[Extracted data]
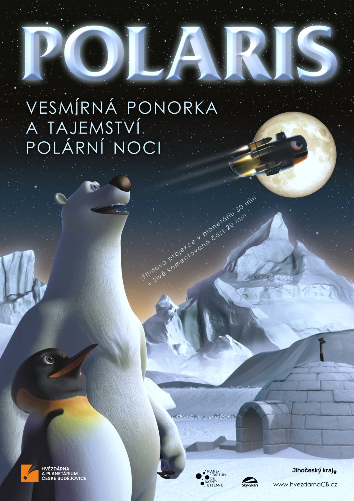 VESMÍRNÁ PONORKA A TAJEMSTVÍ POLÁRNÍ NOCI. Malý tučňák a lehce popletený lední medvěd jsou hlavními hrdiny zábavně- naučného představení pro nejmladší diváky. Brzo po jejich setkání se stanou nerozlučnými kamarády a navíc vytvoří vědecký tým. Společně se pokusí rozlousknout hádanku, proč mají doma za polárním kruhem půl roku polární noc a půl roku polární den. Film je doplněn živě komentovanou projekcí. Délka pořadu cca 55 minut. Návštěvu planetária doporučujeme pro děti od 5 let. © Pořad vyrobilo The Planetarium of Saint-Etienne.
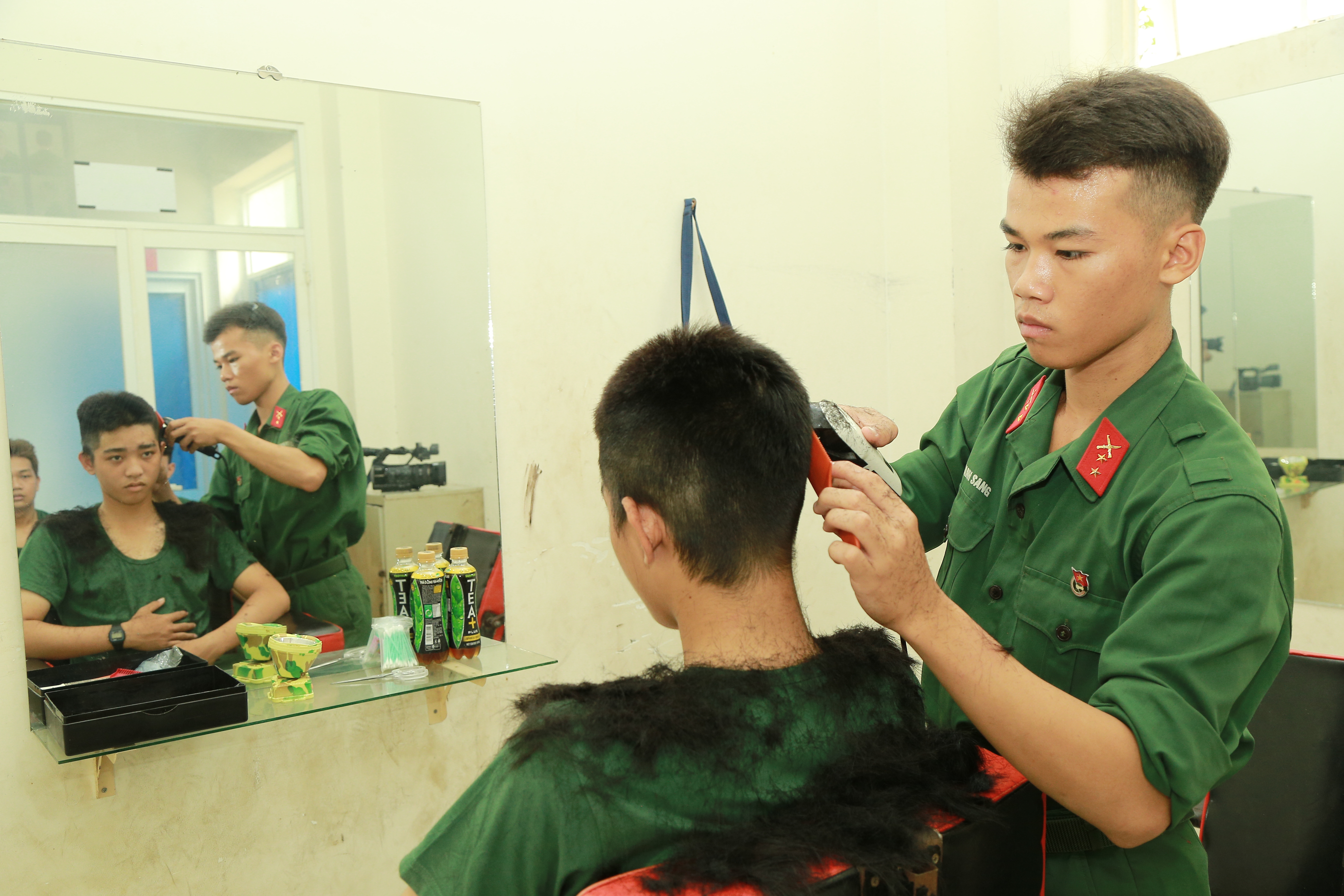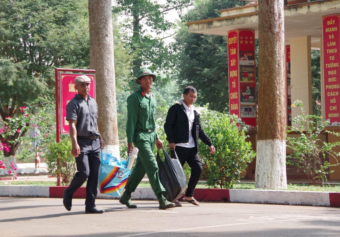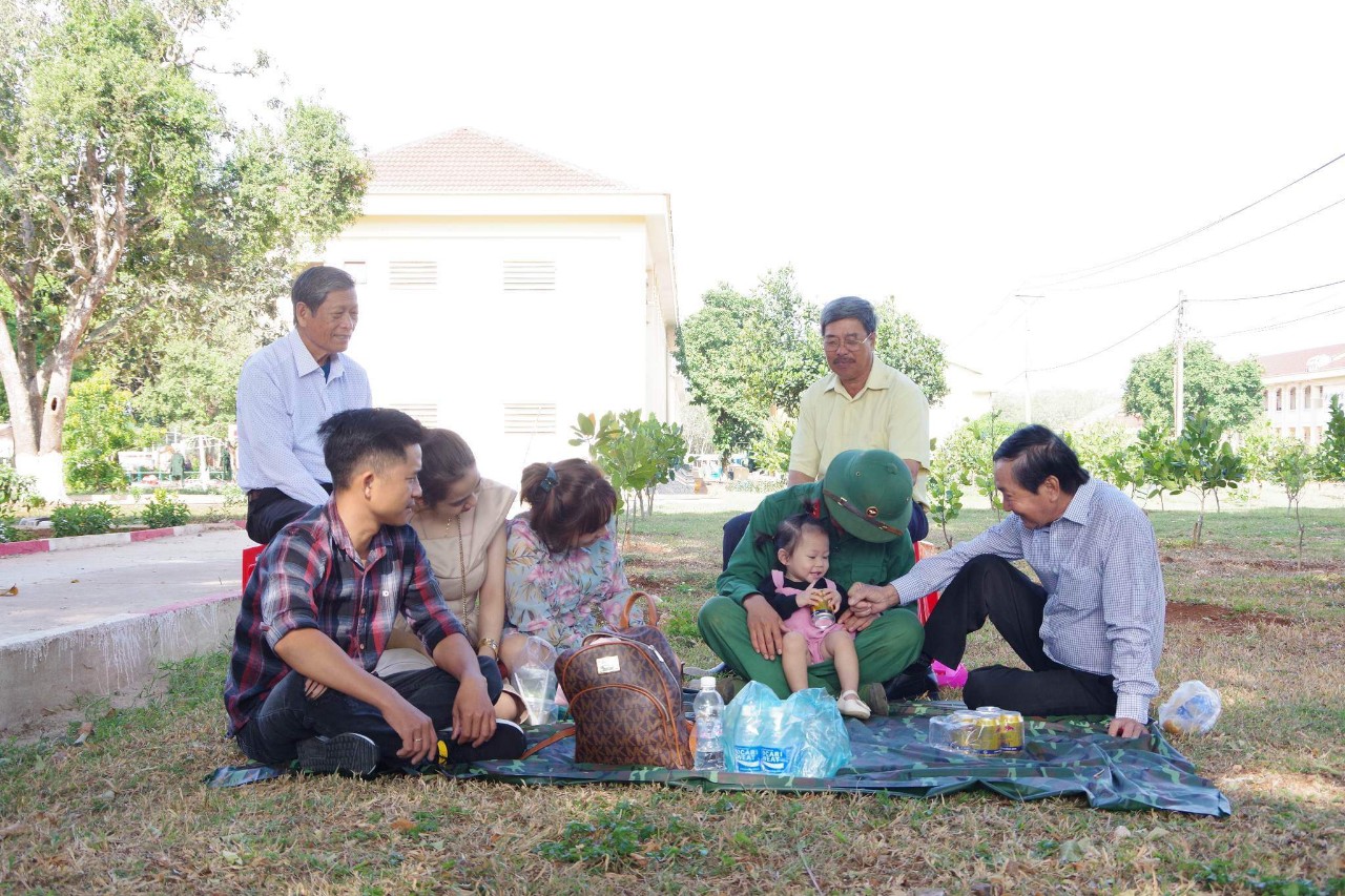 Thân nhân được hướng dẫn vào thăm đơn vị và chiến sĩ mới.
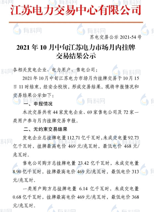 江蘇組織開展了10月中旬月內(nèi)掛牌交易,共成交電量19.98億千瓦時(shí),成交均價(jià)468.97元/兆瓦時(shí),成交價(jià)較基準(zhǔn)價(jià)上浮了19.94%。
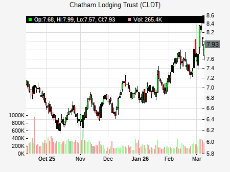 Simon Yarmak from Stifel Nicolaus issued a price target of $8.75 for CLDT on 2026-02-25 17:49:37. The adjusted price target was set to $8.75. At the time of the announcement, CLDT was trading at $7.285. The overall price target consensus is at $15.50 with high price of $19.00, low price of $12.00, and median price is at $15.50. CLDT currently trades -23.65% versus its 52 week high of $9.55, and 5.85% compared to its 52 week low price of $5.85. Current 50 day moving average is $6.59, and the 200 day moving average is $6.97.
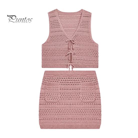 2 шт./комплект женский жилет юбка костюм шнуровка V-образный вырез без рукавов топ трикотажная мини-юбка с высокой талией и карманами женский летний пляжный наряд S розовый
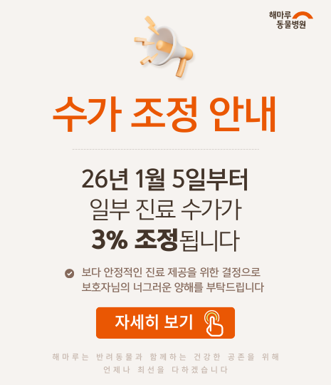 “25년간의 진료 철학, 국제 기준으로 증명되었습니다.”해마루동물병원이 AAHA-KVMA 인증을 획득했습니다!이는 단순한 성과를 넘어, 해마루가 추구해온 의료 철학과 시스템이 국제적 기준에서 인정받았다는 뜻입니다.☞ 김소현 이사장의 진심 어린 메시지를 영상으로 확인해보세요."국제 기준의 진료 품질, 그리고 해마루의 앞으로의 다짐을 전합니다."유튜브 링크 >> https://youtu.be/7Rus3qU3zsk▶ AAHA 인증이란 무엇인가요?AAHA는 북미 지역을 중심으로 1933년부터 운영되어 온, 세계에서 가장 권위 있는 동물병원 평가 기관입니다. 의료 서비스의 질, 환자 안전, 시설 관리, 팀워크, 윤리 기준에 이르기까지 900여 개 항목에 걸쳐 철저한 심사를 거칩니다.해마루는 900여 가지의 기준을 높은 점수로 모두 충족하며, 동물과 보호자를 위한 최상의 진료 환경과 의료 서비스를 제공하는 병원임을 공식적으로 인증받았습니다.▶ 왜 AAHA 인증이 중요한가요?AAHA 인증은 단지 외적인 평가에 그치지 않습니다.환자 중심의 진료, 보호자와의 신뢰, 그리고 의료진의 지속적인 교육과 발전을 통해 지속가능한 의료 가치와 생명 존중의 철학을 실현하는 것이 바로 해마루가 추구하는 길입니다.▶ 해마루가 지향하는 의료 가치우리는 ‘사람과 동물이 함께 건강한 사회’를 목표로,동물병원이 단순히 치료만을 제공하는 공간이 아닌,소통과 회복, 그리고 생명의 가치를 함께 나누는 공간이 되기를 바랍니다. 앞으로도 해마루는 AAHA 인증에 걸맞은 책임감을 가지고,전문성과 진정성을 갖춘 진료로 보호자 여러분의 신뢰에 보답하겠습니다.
[/Extracted data]
→ Problem
Repeat exactly the lines above, beginning at the one containing "Thân nhân được" and ending at the one containing "江蘇組織開展了10月中旬月內". Do not carry over any pictures.

→ Your solution
 Thân nhân được hướng dẫn vào thăm đơn vị và chiến sĩ mới.
 江蘇組織開展了10月中旬月內(nèi)掛牌交易,共成交電量19.98億千瓦時(shí),成交均價(jià)468.97元/兆瓦時(shí),成交價(jià)較基準(zhǔn)價(jià)上浮了19.94%。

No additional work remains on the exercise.